» Work instructions
An exact reproduction of the lines below, from the first through the one with "E aí E aí [Música]", is the whole answer; pictures have no place in it.

» Information supplied
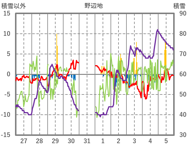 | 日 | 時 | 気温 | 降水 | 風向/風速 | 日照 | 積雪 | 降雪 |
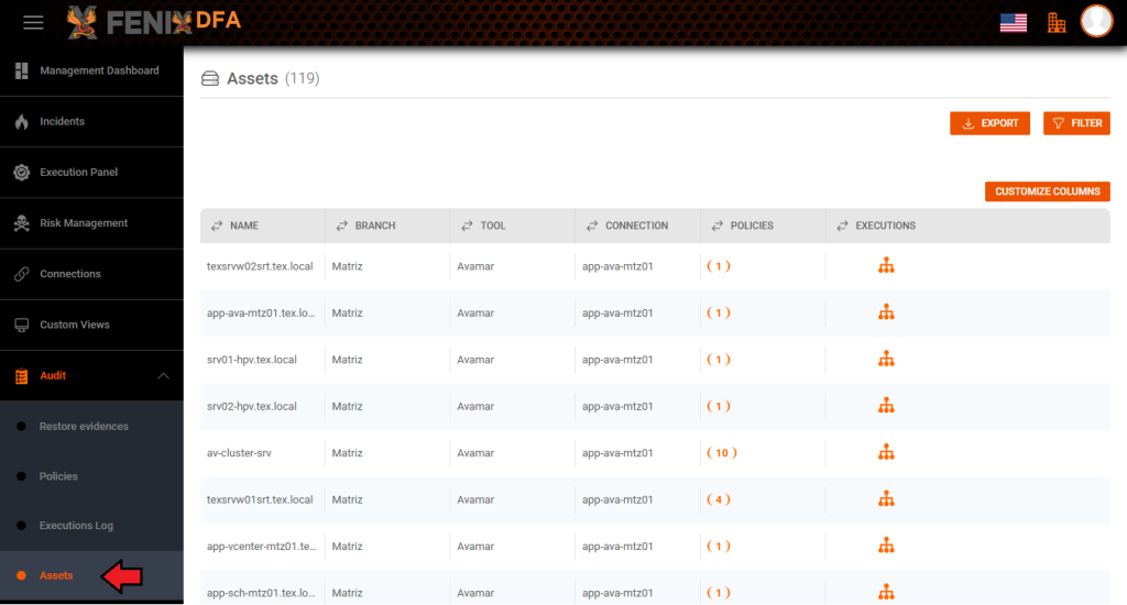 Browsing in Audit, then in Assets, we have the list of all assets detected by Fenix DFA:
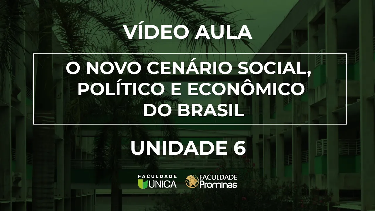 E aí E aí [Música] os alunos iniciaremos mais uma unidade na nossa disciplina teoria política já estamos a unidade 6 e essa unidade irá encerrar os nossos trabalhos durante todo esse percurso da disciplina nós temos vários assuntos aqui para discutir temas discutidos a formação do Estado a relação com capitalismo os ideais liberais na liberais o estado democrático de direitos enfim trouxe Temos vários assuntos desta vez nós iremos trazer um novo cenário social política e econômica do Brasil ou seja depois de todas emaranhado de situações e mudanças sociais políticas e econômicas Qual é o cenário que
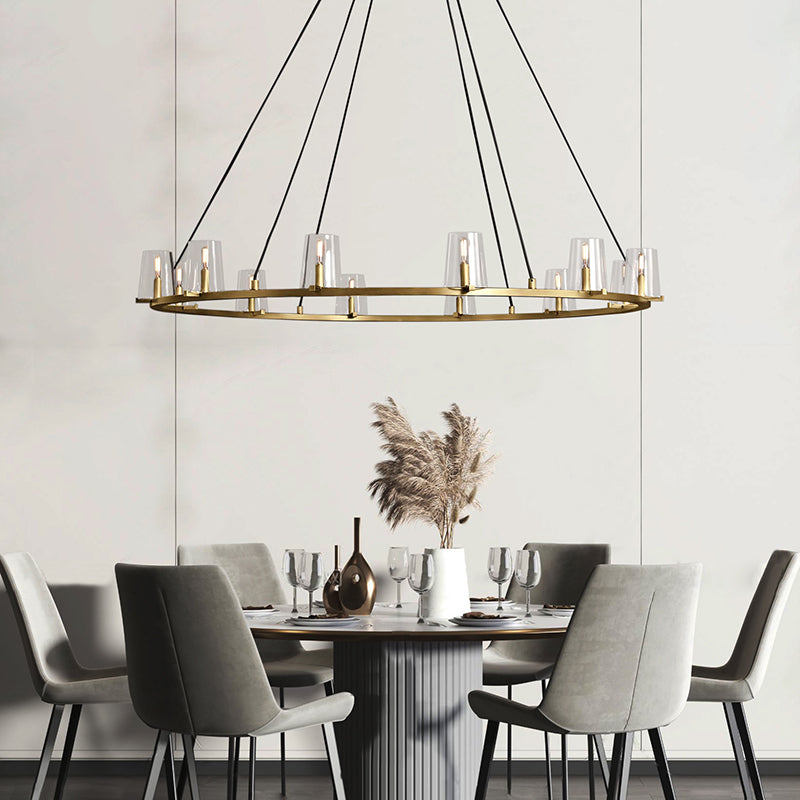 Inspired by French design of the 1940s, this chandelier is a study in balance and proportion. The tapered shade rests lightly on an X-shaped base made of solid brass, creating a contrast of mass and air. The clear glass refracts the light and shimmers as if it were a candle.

» Solved exercise
 | 日 | 時 | 気温 | 降水 | 風向/風速 | 日照 | 積雪 | 降雪 |
 Browsing in Audit, then in Assets, we have the list of all assets detected by Fenix DFA:
 E aí E aí [Música] os alunos iniciaremos mais uma unidade na nossa disciplina teoria política já estamos a unidade 6 e essa unidade irá encerrar os nossos trabalhos durante todo esse percurso da disciplina nós temos vários assuntos aqui para discutir temas discutidos a formação do Estado a relação com capitalismo os ideais liberais na liberais o estado democrático de direitos enfim trouxe Temos vários assuntos desta vez nós iremos trazer um novo cenário social política e econômica do Brasil ou seja depois de todas emaranhado de situações e mudanças sociais políticas e econômicas Qual é o cenário que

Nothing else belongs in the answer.